* [Directions for this task] Print the lines of the entries below from the one with "协议,通过 redis-cli get,set,del,ttl" through the final line, exactly as they appear. The pictures are not part of the copy.

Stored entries
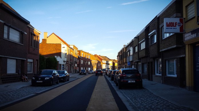 I play hopscotch with the border, which follows the middle of the river with odd little deviations beyond each bank occasionally, for a while until crossing a bridge the signs and languages change and I’m definitively in Belgium. I hug the river with occasional detours into towns and around industrial estates. I pass through places made famous by the spring classics; Wevelgem, Harelbeke, Kuurne.
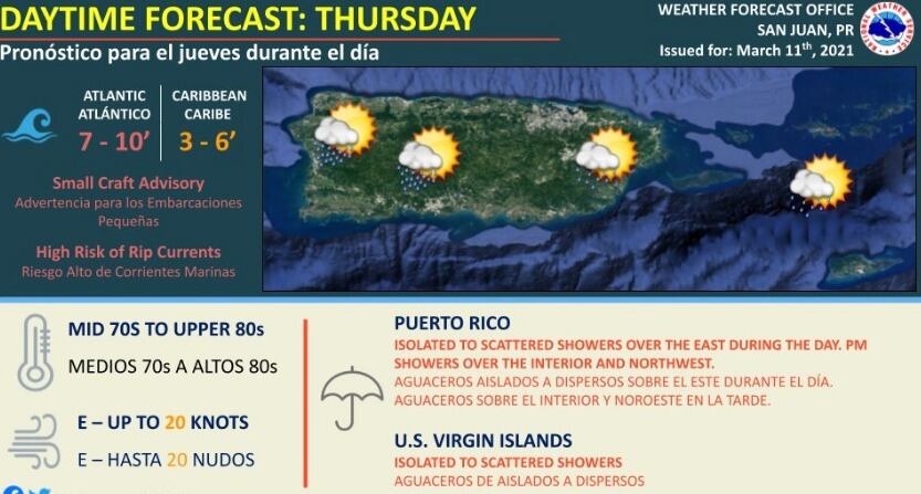 Para este jueves en la mañana se esperan aguaceros de aislados a dispersos sobre el este de Puerto Rico, mientras que en la tarde se anticipa lluvia sobre el interior y noroeste de la Isla, informó la oficina en San Juan del Servicio Nacional de Meteorología (SNM).
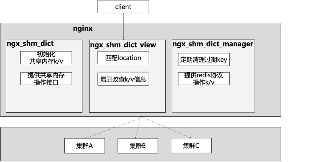 ngx_shm_dict:共享内存核心模块(红黑树,队列)ngx_shm_dict_manager:添加定时器事件,定时的清除共享内存中过期的 Key,添加读事件,支持 Redis 协议,通过 redis-cli get,set,del,ttl
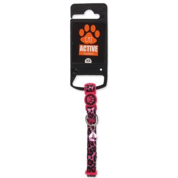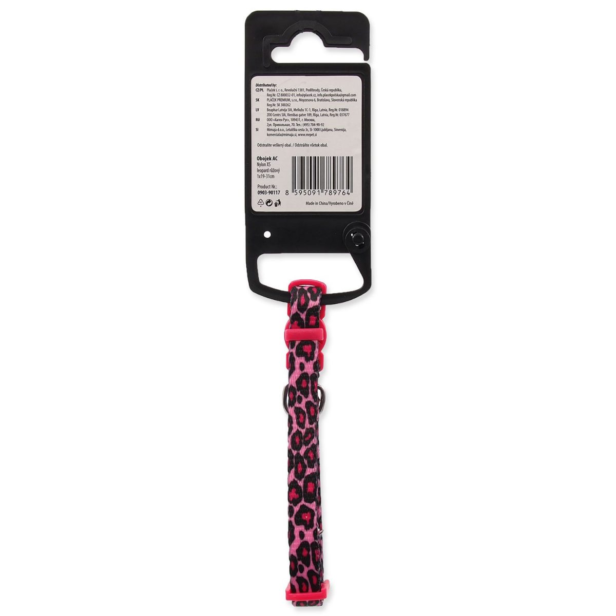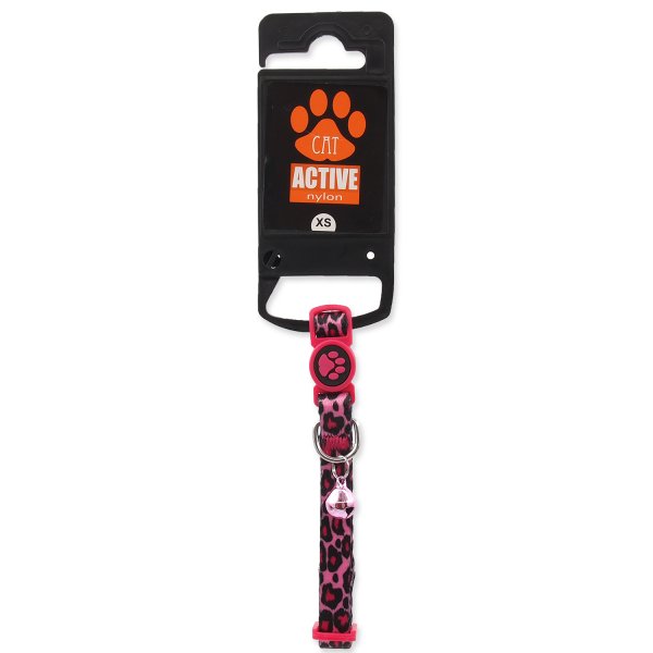 Nastavitelný nylonový obojek s leopardím potiskem a rolničkou.
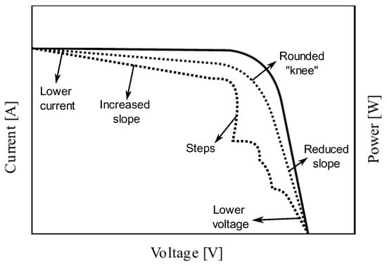 Common deviations of an I–V curve in a PV generator in deterioration mode. Source [12], own elaboration.
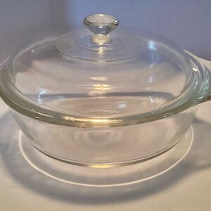 Vintage Anchor Hocking Clear Glass Round 2 Qt Baking Cassserole Dish With Lid

* [Task answer]
 ngx_shm_dict:共享内存核心模块(红黑树,队列)ngx_shm_dict_manager:添加定时器事件,定时的清除共享内存中过期的 Key,添加读事件,支持 Redis 协议,通过 redis-cli get,set,del,ttl
 Nastavitelný nylonový obojek s leopardím potiskem a rolničkou.
 Common deviations of an I–V curve in a PV generator in deterioration mode. Source [12], own elaboration.
 Vintage Anchor Hocking Clear Glass Round 2 Qt Baking Cassserole Dish With Lid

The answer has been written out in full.